Easter traditions in Poland

Easter in Poland is as festive as Christmas, although people are only free from work on Easter and the second day of Easter. The shops are open all week, some shops are also open on Saturday mornings.
But you can feel the Easter atmosphere throughout the week already from Palm Sunday. There is baked, fried and made spring clean for the big party.

Palm Sunday offers the tradition of making or buying one “palm tree”, which in the Polish version is just a kind of bouquet of newborn goslings and embellished with cranberry berries. These symbolic “palm trees” is taken to church and blessed by the service that day, and afterwards placed in a vase in the living room.

During the Easter week, a lot happens in the Catholic Church every day, especially in the evening. But the most significant evening, however, is Good Friday. In each church there will be a worship service with a procession to remind the Catholics of the suffering and death of Christ. at the special stations that extend in the hilly terrain over several kilometers. The locals actively participate in this ecclesiastical performance where people are dressed up as Christ and Romans and perform the scenes we know from the Bible. It is also a major tourist attraction.

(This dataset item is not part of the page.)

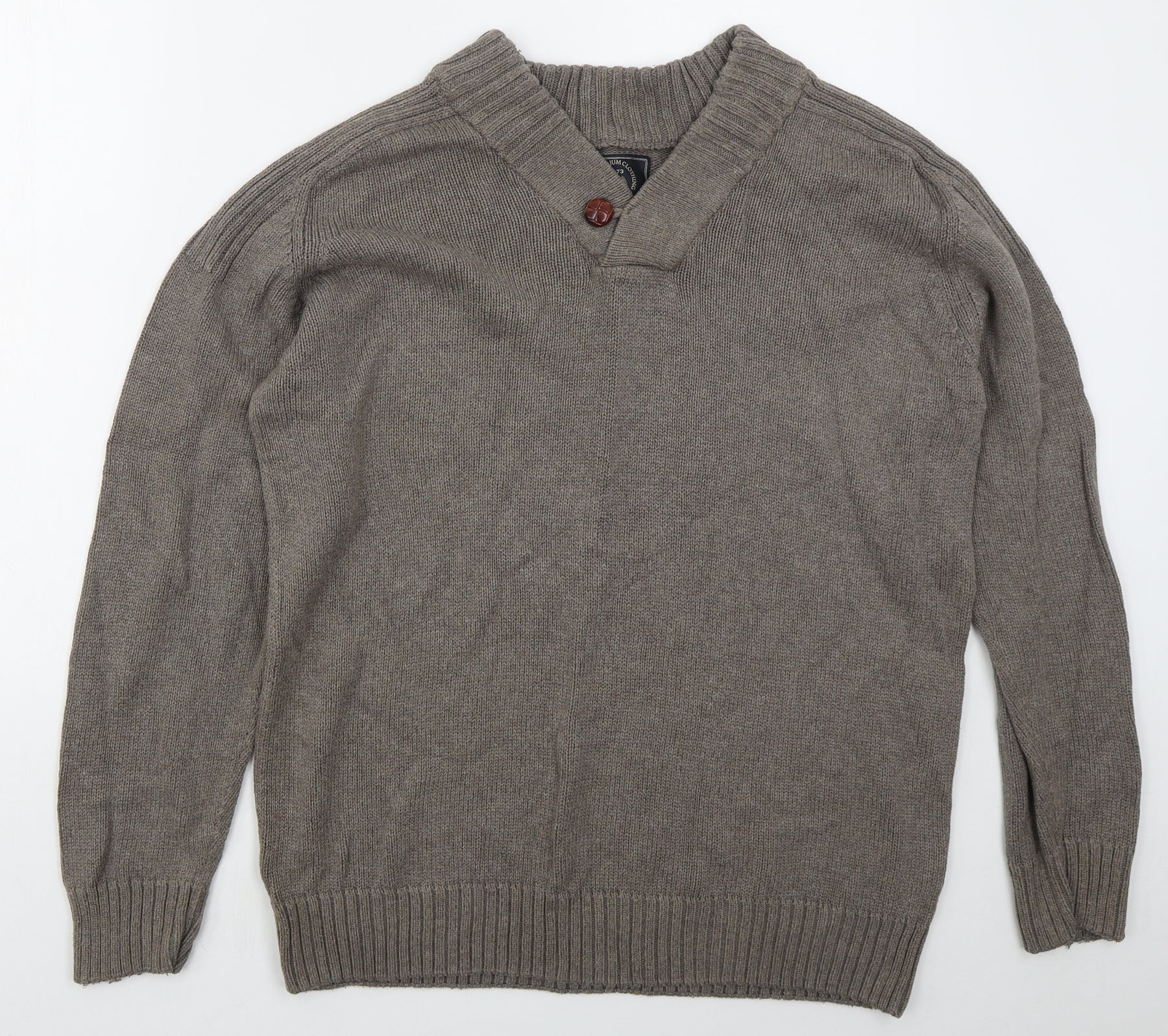 Easy Mens Brown V-Neck Cotton Pullover Jumper Size L

On Easter Saturday, each household fills a basket “pisanki”, i.e. hard boiled eggs where the shell is colored or painted.
There are many ways to color Easter eggs. You can use the brownish peel of onions and boil it with the eggs, then they will be colored brownish dark red. You can color the eggs green by boiling them together with green cereal sprouts. You can also cook them with beets. Someone is still painting patterns on the shell.
In the Easter basket there should also be a piece of bread, salt, horseradish, an Easter lamb of sugar (or chocolate or as a cake) and what else you think, for example: a piece of sausage, a piece of cake. The basket is usually decorated with cranberry berries and covered with a nice napkin.
If there are young children in the household, it is usually those who bring the basket to church. Here, the priest splashes water on the brought baskets, ie. blesses the content.
Once this ritual is completed, you can start celebrating Easter.
Until now, the entire Easter week was to be fasted according to the Catholic Church's recommendations. It is no longer observed as strictly as before, but most fast for Good Friday; here you eat fish instead of meat.

The most solemn time of Easter is at breakfast Easter morning.
The food that has been blessed in the church on Saturday is put on a platter, the peel is peeled from the eggs and they are split so that everyone can have a piece. The housewife first treats with the blessed foods and wishes “Happy Easter”. Afterwards, you eat a sumptuous breakfast for a long time.
This day is a very big party and family day.

Monday, 2nd Easter Sunday is a little different, and here you start the day with a special custom.
The custom is called “smigus-Dyngus” and assumes that everyone tries to be the first one in the morning to surprise the others and spray some cold water on them while yelling: smigus-dyngus.
This custom is also found in another edition where one whips one another on the legs with small twigs of birch. The practice with the water is most prevalent in central and southern Poland, while birch twigs are practiced in northern Poland.
The pretty, young girls are most exposed to this custom when they go to and from church that day.
Young men want to surprise them with water guns, jugs and even entire buckets of water. On this day, it is permissible to make jokes that way, and one can run the risk of meeting boys and young men armed with water on every street corner and throughout the day.
It is on Monday that you invite guests or visit.

At Easter you get good food in copious quantities. According to the Easter tradition, the special cakes for the tea or coffee table must not be missing. Throughout Poland, you make or buy a high round cake: “Babka”. In central Poland, in addition to this, a cake called “Mazurek”, which is a flat cake with lots of glaze in many colors and with patterns in the glaze depicting e.g. a hare, a daffodil, goslings, lambs or other Easter symbols.

Maryla Twardowska-Spangshus
Kroghsvej 21, DK-7500 Holstebro
Tel: (+45) 97 42 54 01 – Fax: (+45) 96 10 05 58
E-mail: mts@spangshus.dk \
Screenplay for radio interview 18.3.2005

Translated into English by Google Translate. Spangshus.dk accept no liability for any errors or omissions in translation.